On Wed, Oct 29, 1997 at 03:11:21AM +0200, Hank Nussbacher wrote:
Please no religionics. Part of the below is true - part is what will happen in the near future:
I have a spammer I am trying to block. He is multihomed to me and ISP X. He has address a.b.c.d from me and address a.b.c.e from ISP X. Users started seeing spams from a.b.c.e and complained to ISP X. He shut off SMTP to the customer but the spamming continued. Turns out the user defaults out to me no matter what, so his address was a.b.c.e when coming out of me. For me that is a spoofed address. I then go to block his spoofed address.
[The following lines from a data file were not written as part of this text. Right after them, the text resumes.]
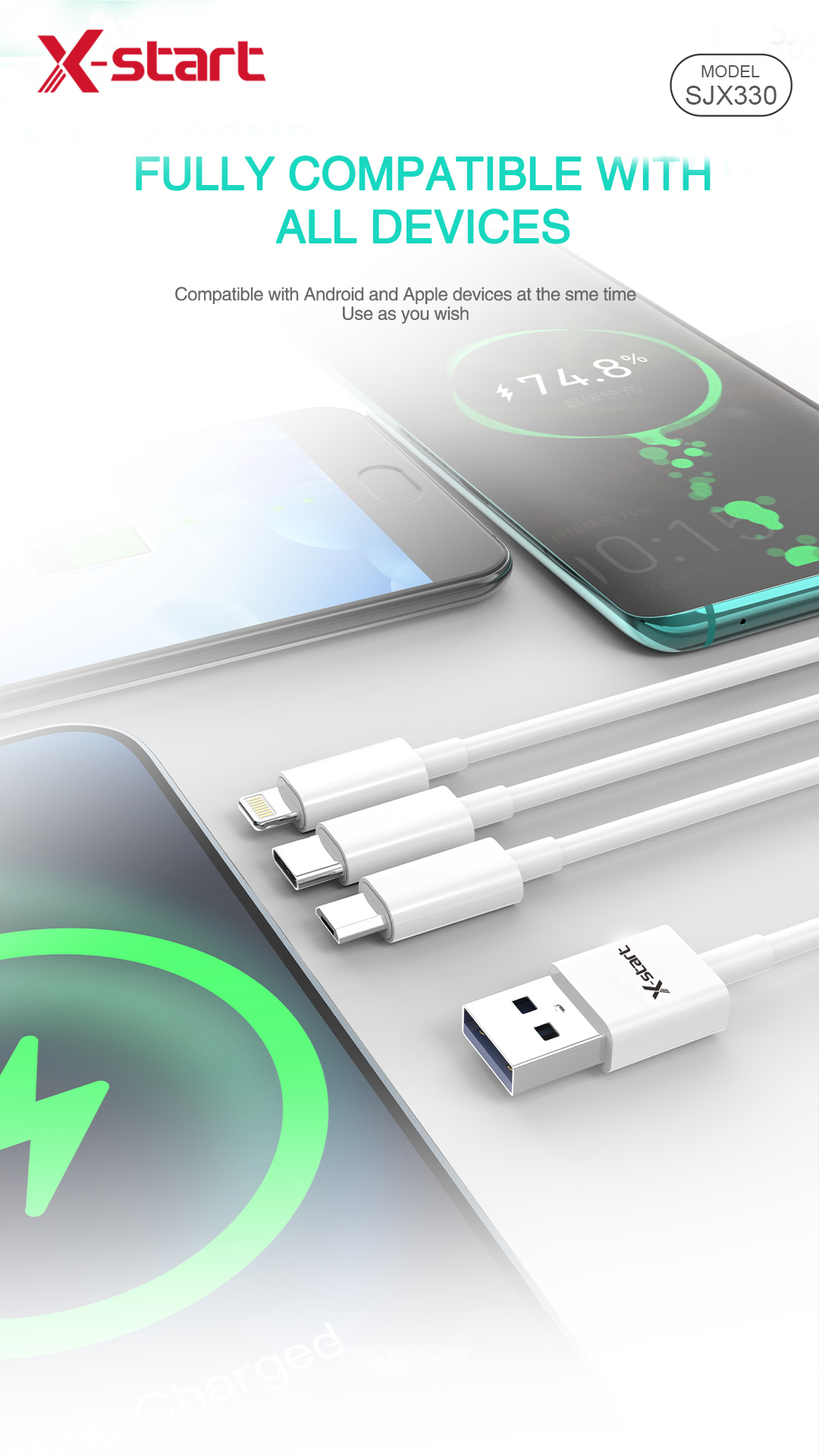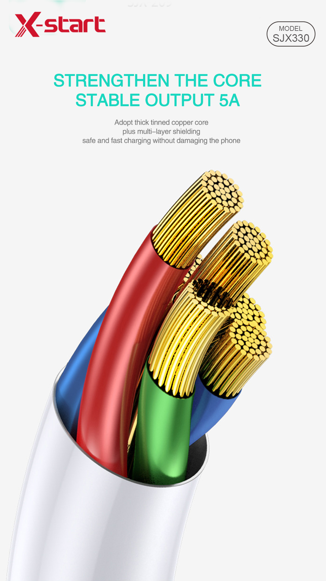 The SJX330 6.0A Fast Charging Cable offers high-speed charging for all devices. Measuring 1.5 meters, it provides flexibility and convenience for daily use. Fully compatible with both Android and Apple devices, it allows you to charge multiple devices simultaneously. Durable and efficient, the SJX330 ensures safe, stable power delivery and fast data transfer wherever you go.
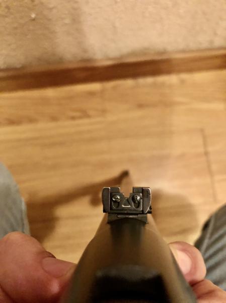 Es el modelo que lleva varias hileras de agujeros en boca para compensar la elevación del arma tras el disparo. Dispone de punto y alza regulable abatible. Pintado en gris oscuro mate por el anterior dueño. Para jabalí me comentó que era una auténtica maravilla. Vendo porque no le doy uso.
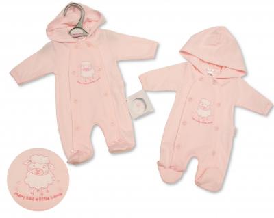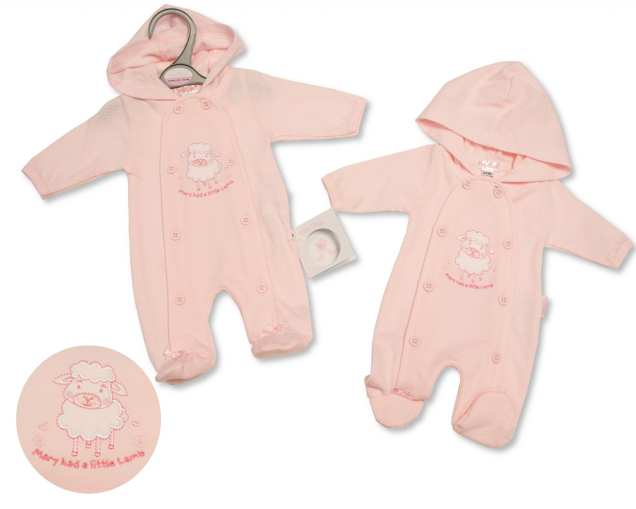Hooded, picot all in one with double button fastening to the front and legs. Appliqued/embroidered "Little Lamb" design. Ribbon bows.
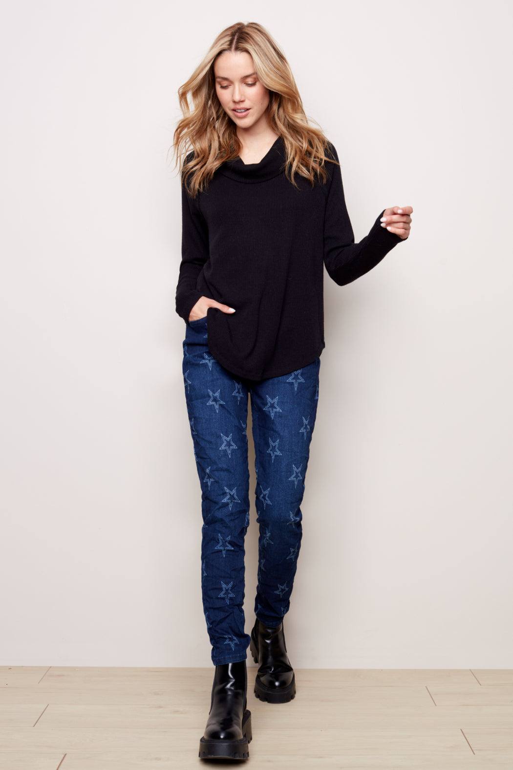 There are so many reasons why we love this cowl neck top for women: The stretchy, soft blend and ribbed texture. The light feel and tunic-length. The relaxed fit, rounded hem, and cozy cowl neck. This women’s long-sleeved top gets a thumbs up all around.

User then says, it is a valid address and I have no business blocking his IP addresses, whether he has them from me or ISP X. I then say I'll block SMTP and the user says, "show me one letter from a user on the Internet complaining to you that I am spamming". Since his dns is located elsewhere and since the IP addresses are not mine, the users aren't complaining to me - but to ISP X and perhaps ISP Y (providing him secondary DNS service). All the ISP X & Y attempts to shut out the spam aren't affective due to the multihoming.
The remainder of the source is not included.